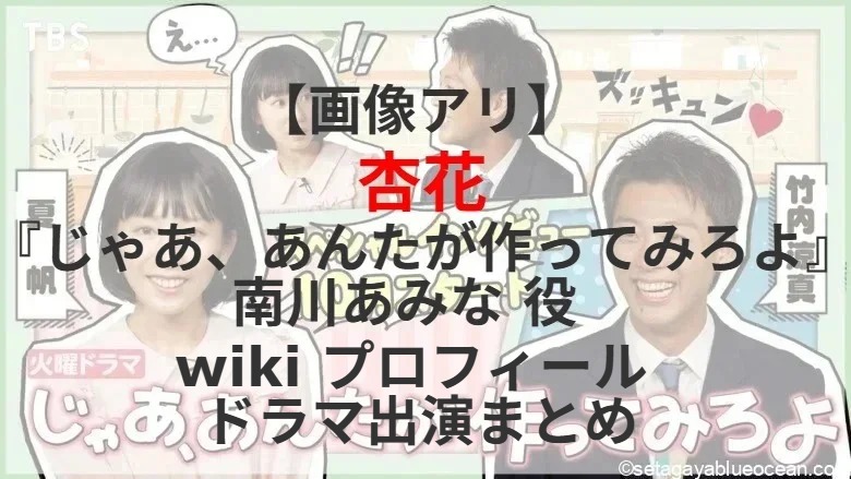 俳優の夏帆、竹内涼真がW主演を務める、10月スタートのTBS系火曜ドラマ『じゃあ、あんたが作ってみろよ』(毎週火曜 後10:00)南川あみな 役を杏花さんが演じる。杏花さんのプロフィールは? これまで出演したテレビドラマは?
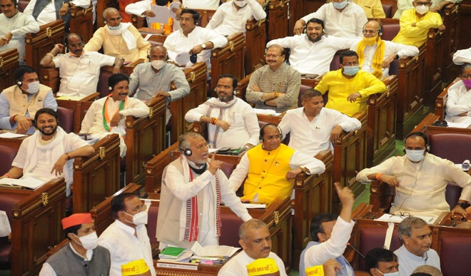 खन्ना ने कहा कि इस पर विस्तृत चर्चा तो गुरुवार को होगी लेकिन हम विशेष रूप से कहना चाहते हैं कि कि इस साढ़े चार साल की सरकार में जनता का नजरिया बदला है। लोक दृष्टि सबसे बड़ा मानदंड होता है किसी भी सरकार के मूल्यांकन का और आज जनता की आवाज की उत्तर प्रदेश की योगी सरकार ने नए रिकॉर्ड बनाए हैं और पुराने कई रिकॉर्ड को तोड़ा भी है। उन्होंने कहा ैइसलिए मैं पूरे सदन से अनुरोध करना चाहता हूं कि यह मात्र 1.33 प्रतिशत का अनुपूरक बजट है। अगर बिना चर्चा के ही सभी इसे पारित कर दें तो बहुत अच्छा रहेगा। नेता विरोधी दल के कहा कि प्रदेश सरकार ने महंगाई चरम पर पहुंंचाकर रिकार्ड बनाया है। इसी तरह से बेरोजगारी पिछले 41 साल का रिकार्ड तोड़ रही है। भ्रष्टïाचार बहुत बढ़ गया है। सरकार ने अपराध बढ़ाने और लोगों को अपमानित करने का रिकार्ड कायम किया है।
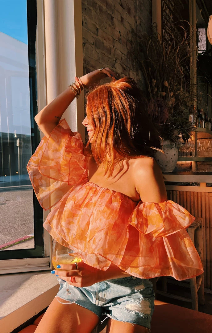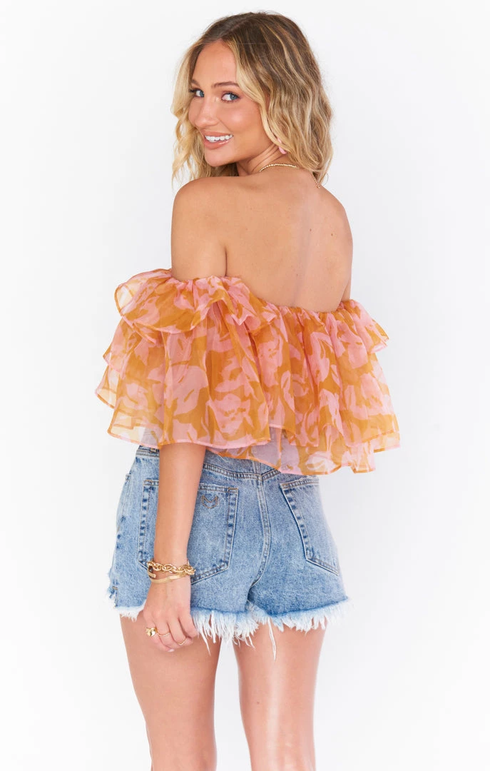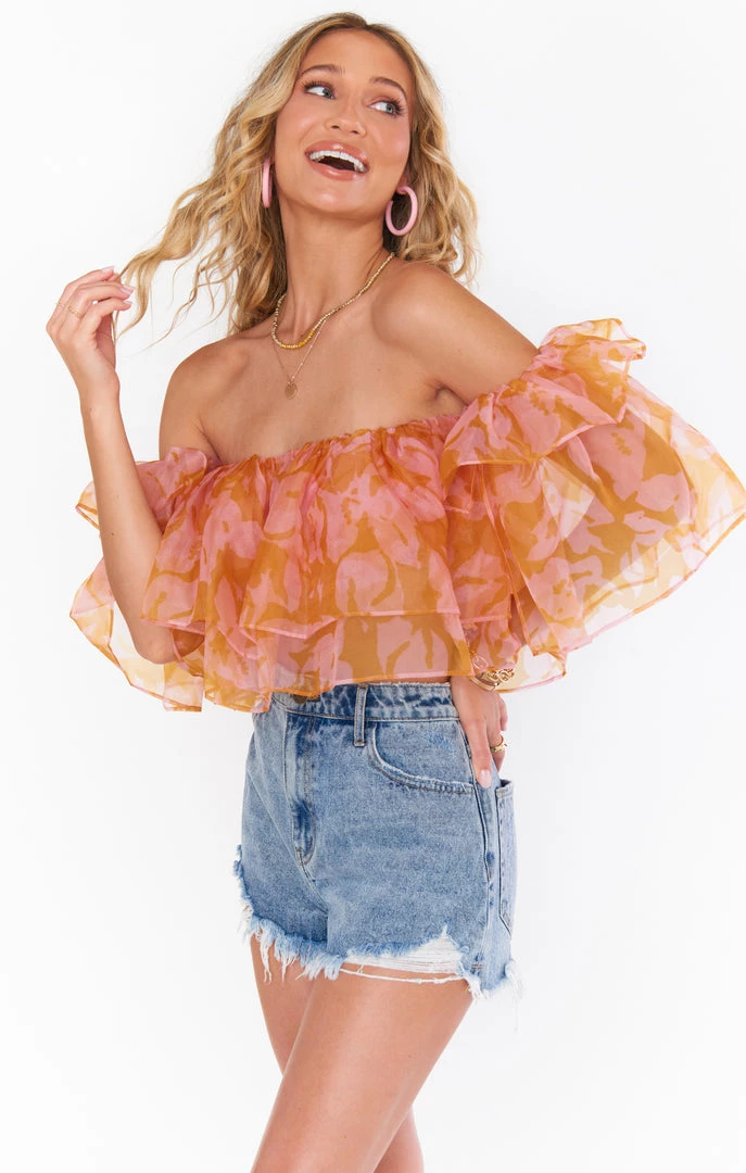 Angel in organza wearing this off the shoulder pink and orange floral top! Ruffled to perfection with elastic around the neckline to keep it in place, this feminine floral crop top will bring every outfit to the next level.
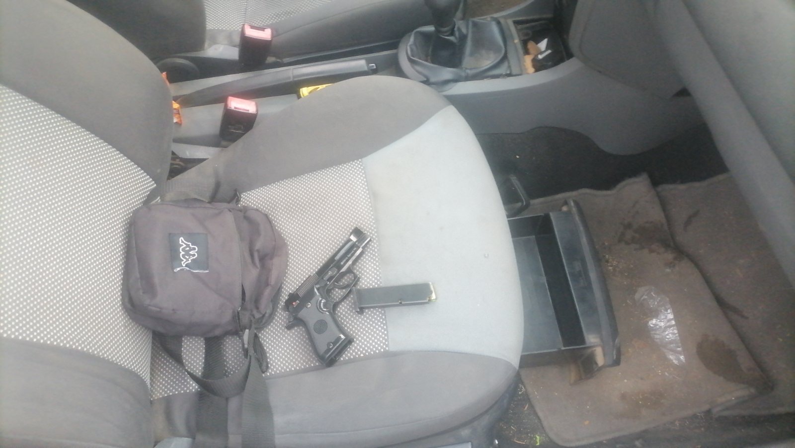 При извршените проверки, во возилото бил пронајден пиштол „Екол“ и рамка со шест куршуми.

• _Exercise_
Output the listing exactly. Leave out any image.

• _Your solution_
 俳優の夏帆、竹内涼真がW主演を務める、10月スタートのTBS系火曜ドラマ『じゃあ、あんたが作ってみろよ』(毎週火曜 後10:00)南川あみな 役を杏花さんが演じる。杏花さんのプロフィールは? これまで出演したテレビドラマは?
 खन्ना ने कहा कि इस पर विस्तृत चर्चा तो गुरुवार को होगी लेकिन हम विशेष रूप से कहना चाहते हैं कि कि इस साढ़े चार साल की सरकार में जनता का नजरिया बदला है। लोक दृष्टि सबसे बड़ा मानदंड होता है किसी भी सरकार के मूल्यांकन का और आज जनता की आवाज की उत्तर प्रदेश की योगी सरकार ने नए रिकॉर्ड बनाए हैं और पुराने कई रिकॉर्ड को तोड़ा भी है। उन्होंने कहा ैइसलिए मैं पूरे सदन से अनुरोध करना चाहता हूं कि यह मात्र 1.33 प्रतिशत का अनुपूरक बजट है। अगर बिना चर्चा के ही सभी इसे पारित कर दें तो बहुत अच्छा रहेगा। नेता विरोधी दल के कहा कि प्रदेश सरकार ने महंगाई चरम पर पहुंंचाकर रिकार्ड बनाया है। इसी तरह से बेरोजगारी पिछले 41 साल का रिकार्ड तोड़ रही है। भ्रष्टïाचार बहुत बढ़ गया है। सरकार ने अपराध बढ़ाने और लोगों को अपमानित करने का रिकार्ड कायम किया है।
 Angel in organza wearing this off the shoulder pink and orange floral top! Ruffled to perfection with elastic around the neckline to keep it in place, this feminine floral crop top will bring every outfit to the next level.
 При извршените проверки, во возилото бил пронајден пиштол „Екол“ и рамка со шест куршуми.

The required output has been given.